IN THE SEYCHELLES COURT OF APPEAL
[Coram: F. MacGregor (PCA), M. Twomey (J.A) , J. Msoffe (J.A)]
Civil Appeal SCA 13/2014
(Appeal from Supreme Court Decision CC02/2013)
Labco (Proprietary Limited
Bertine Ah-Kong Hoareau
Heard: 04 August 2016
Counsel: Charles Lucas for the Appellant
Frank Elizabeth for the Respondent
Delivered: 12 August 2016
M. Twomey (J.A)
The Appellant filed an appeal against the decision of the learned Chief Justice Egonda-Ntende delivered on 21st March 2014 in which he dismissed the Appellant’s claim for an unpaid balance of SR 1, 135,740 of a building contract he had entered into with the Respondent.
The Learned Chief Justice in the same decision also dismissed a counter claim for SR 985,177.90 by the Respondent for the cost of remedial work to correct defects, deficiencies and to compete non performed work by the Appellant in breach of the building contract.
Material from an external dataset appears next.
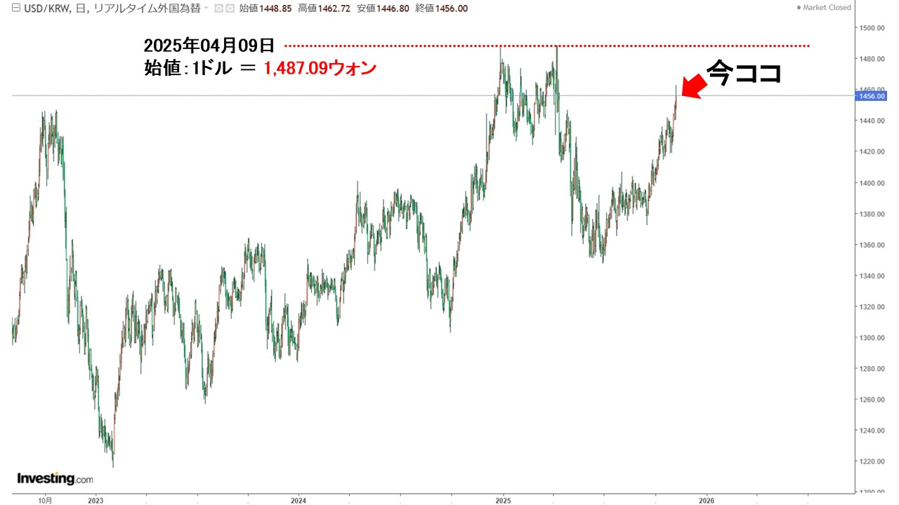 2025年11月07日(金)の終値が「1ドル=1,456ウォン」ですから、あと31ウォンです。

The Appeal is based on eight grounds which are redacted repetitiously and do not warrant further rehashing at this stage. It suffices to say that the grounds of appeal can be condensed as follows:
1. That there was no breach of contract on the part of the Appellant.
2. That the fact that the Respondent did not appoint a consultant meant that she could not complain of defects in the work carried out.
3. That an extension of time for the completion of the contract could be implied by the silence of the Respondent when such application was made.
4. That the trial judge did not fully appraise the evidence and came to the wrong conclusion in dismissing the Appellant’s claim.
Insofar as the Appellant submits that it did not breach the contract, we can only refer to the record of proceedings to see that evidence adduced both by himself and the Respondent point to the fact that the building contract was not completed by September 2012 which was the date agreed in the agreement. It would appear that the works were never finished. This, as rightly pointed out by the trial judge, is a clear breach of the contract which had a specific date for performance.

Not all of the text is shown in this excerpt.